What the task asks | Exclude the pictures and transcribe the rest of the data below exactly.

Supplied material |
------------------------------------------------------------

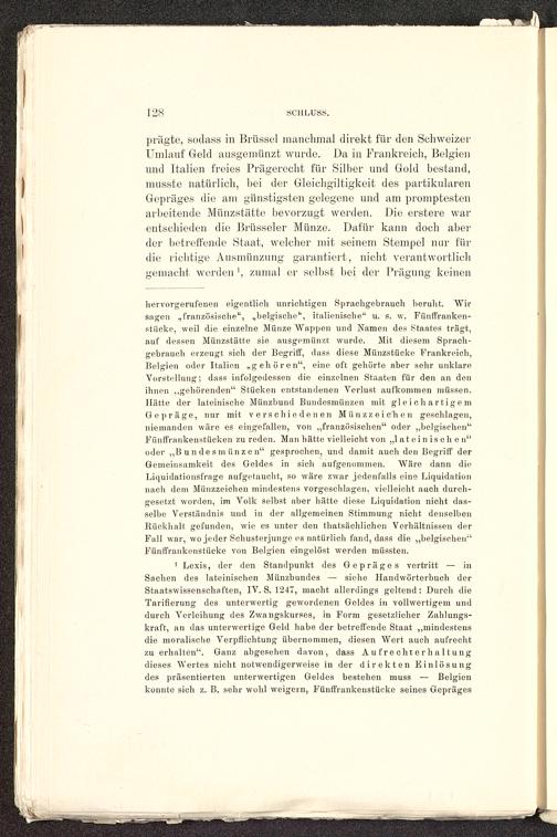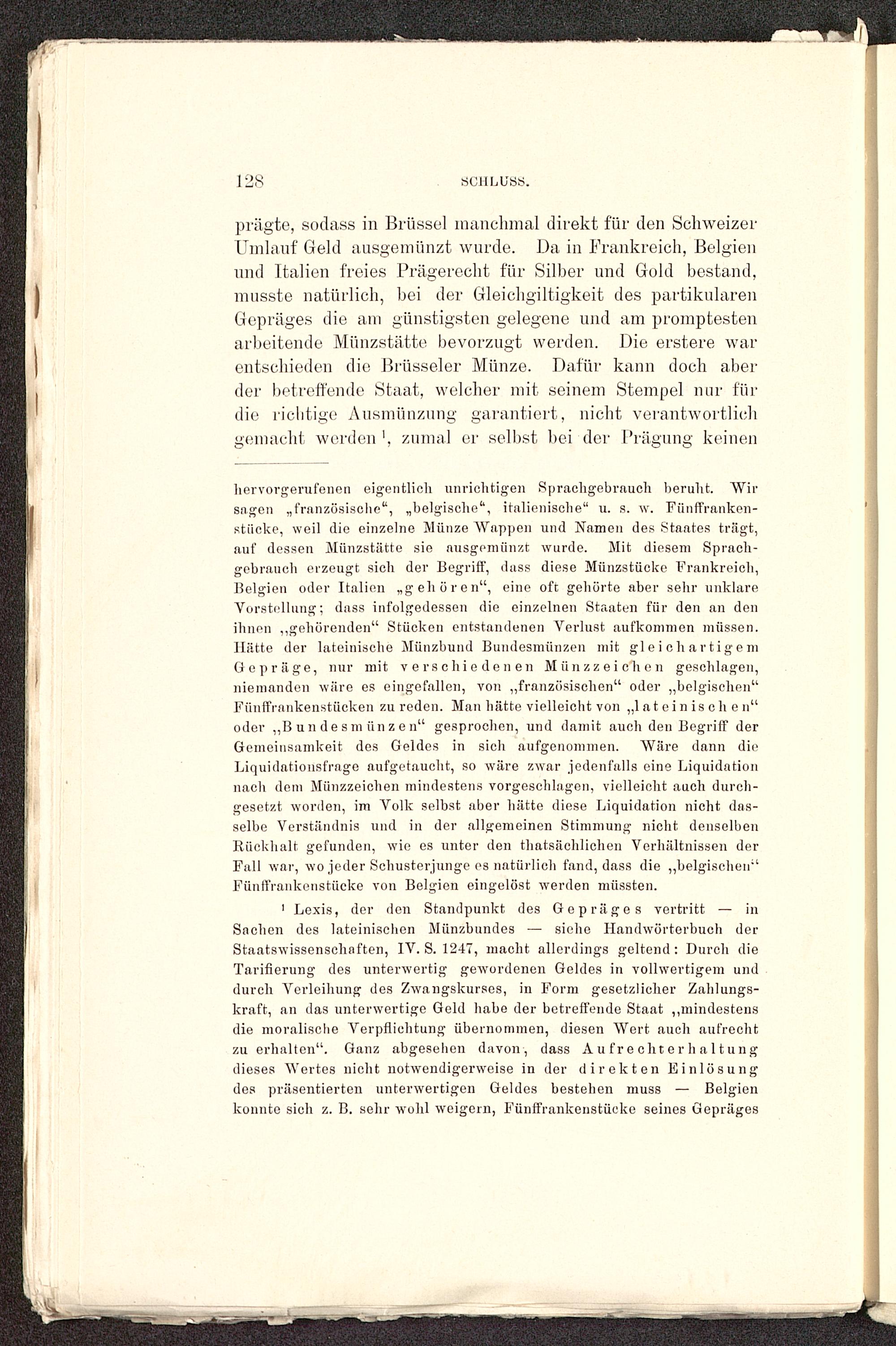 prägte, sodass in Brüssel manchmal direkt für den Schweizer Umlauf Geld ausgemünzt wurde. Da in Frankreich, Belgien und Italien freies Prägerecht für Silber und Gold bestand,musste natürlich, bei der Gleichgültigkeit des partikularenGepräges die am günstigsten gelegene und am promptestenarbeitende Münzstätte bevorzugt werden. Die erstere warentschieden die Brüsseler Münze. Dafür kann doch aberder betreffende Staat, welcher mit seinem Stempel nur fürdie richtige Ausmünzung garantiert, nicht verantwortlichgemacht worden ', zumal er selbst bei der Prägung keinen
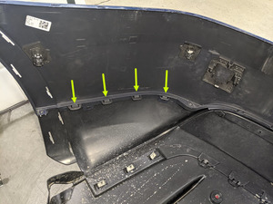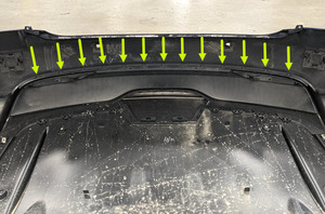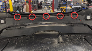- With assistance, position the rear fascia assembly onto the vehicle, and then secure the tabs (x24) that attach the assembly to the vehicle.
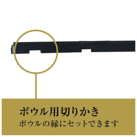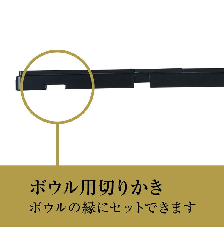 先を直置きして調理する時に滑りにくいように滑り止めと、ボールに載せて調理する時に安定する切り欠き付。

------------------------------------------------------------

The answer |
 prägte, sodass in Brüssel manchmal direkt für den Schweizer Umlauf Geld ausgemünzt wurde. Da in Frankreich, Belgien und Italien freies Prägerecht für Silber und Gold bestand,musste natürlich, bei der Gleichgültigkeit des partikularenGepräges die am günstigsten gelegene und am promptestenarbeitende Münzstätte bevorzugt werden. Die erstere warentschieden die Brüsseler Münze. Dafür kann doch aberder betreffende Staat, welcher mit seinem Stempel nur fürdie richtige Ausmünzung garantiert, nicht verantwortlichgemacht worden ', zumal er selbst bei der Prägung keinen
- With assistance, position the rear fascia assembly onto the vehicle, and then secure the tabs (x24) that attach the assembly to the vehicle.
 先を直置きして調理する時に滑りにくいように滑り止めと、ボールに載せて調理する時に安定する切り欠き付。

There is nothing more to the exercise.